SFRA stands for Sweep Frequency Response Analysis. This test is very reliable for condition monitoring of physical condition of transformer winding, core and above all core & winding integrity.
Why to conduct SFRA test?
The winding of Transformer may be subjected to mechanical stresses during transportation, heavy short circuit faults, transient switching impulses & lightening impulses etc.
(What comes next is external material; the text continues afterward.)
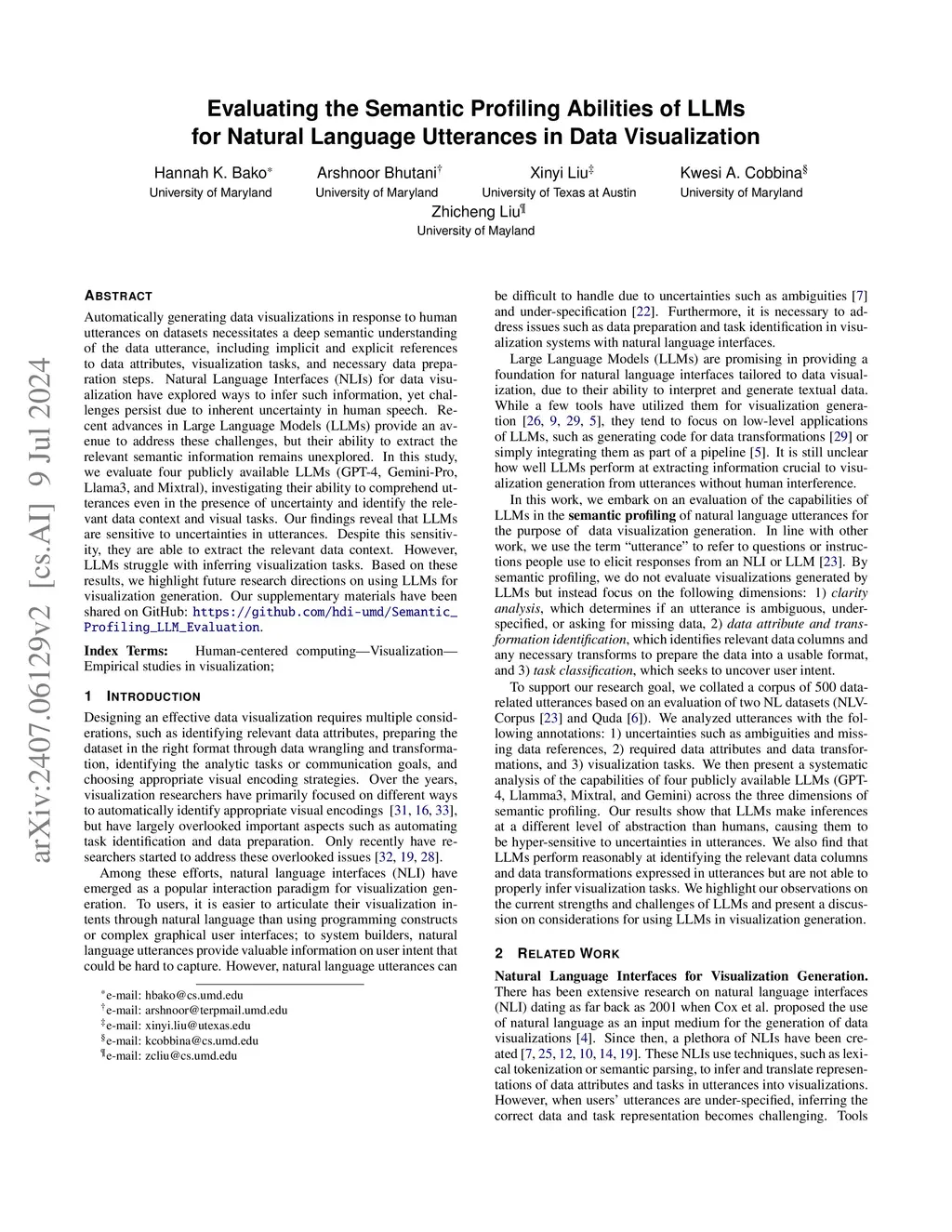 Automatically generating data visualizations in response to human utterances on datasets necessitates a deep semantic understanding of the data utterance, including implicit and explicit references to data attributes, visualization tasks, and necessary data preparation steps. Natural Language Interfaces (NLIs) for data visualization have explored ways to infer such information, yet challenges persist due to inherent uncertainty in human speech. Recent advances in Large Language Models (LLMs) provide an avenue to address these challenges, but their ability to extract the relevant semantic information remains unexplored. In this study, we evaluate four publicly available LLMs (GPT-4, Gemini-Pro, Llama3, and Mixtral), investigating their ability to comprehend utterances even in the presence of uncertainty and identify the relevant data context and visual tasks. Our findings reveal that LLMs are sensitive to uncertainties in utterances. Despite this sensitivity, they are able to extract the relevant data context. However, LLMs struggle with inferring visualization tasks. Based on these results, we highlight future research directions on using LLMs for visualization generation.

These mechanical stresses may cause displacement of transformer winding from their position and may also cause deformation of these winding.
SFRA Test can efficiently detect:
- Displacement of Transformer core
- Deformation & displacement of winding
- Faulty core grounds
- Collapse of partial winding
- Broken or loosen clamp connections
- Short circuited turns
- Open winding conditions.
Principle of SFRA Test:
As each of the electrical equipment is combination of R, L & C. In Transformer each winding turn is separated from other by paper insulation which acts as dielectric and windings themselves have inductance and resistance, a transformer can be considered as a complicated distributed network of resistance, inductance, and capacitance or in other words a Transformer is a complicated RLC circuit as shown in figure below. Because of this each winding of a transformer exhibits a particular frequency response.
In Sweep Frequency Response Analysis a sinusoidal voltage Vi is applied to one end of a winding and output voltage Vo is measured at the other end of the winding while keeping the other windings open.
As the winding is itself a distributed RLC circuit it will behave like RLC filter and gives different output voltages at different frequencies. That means if we go on increasing the frequency of the input signal without changing its voltage level we will get different output voltages at different frequencies depending upon the RLC nature of the winding. If we plot these output voltages against the corresponding frequencies we will get a particular pattern for a particular winding as shown in figure below.
But after transportation, heavy short circuit faults, transient switching impulses and lightening impulses etc, if we do same Sweep Frequency Response Analysis test and superimpose the present signature with the earlier pattern and observe some deviation between the two graphs / signature. Thus we can conclude that there is mechanical displacement / deformation in the Winding / Core.
Thus using SFRA test, we can say whether Transformer windings / core is OK or not. This method is simple yet reliable.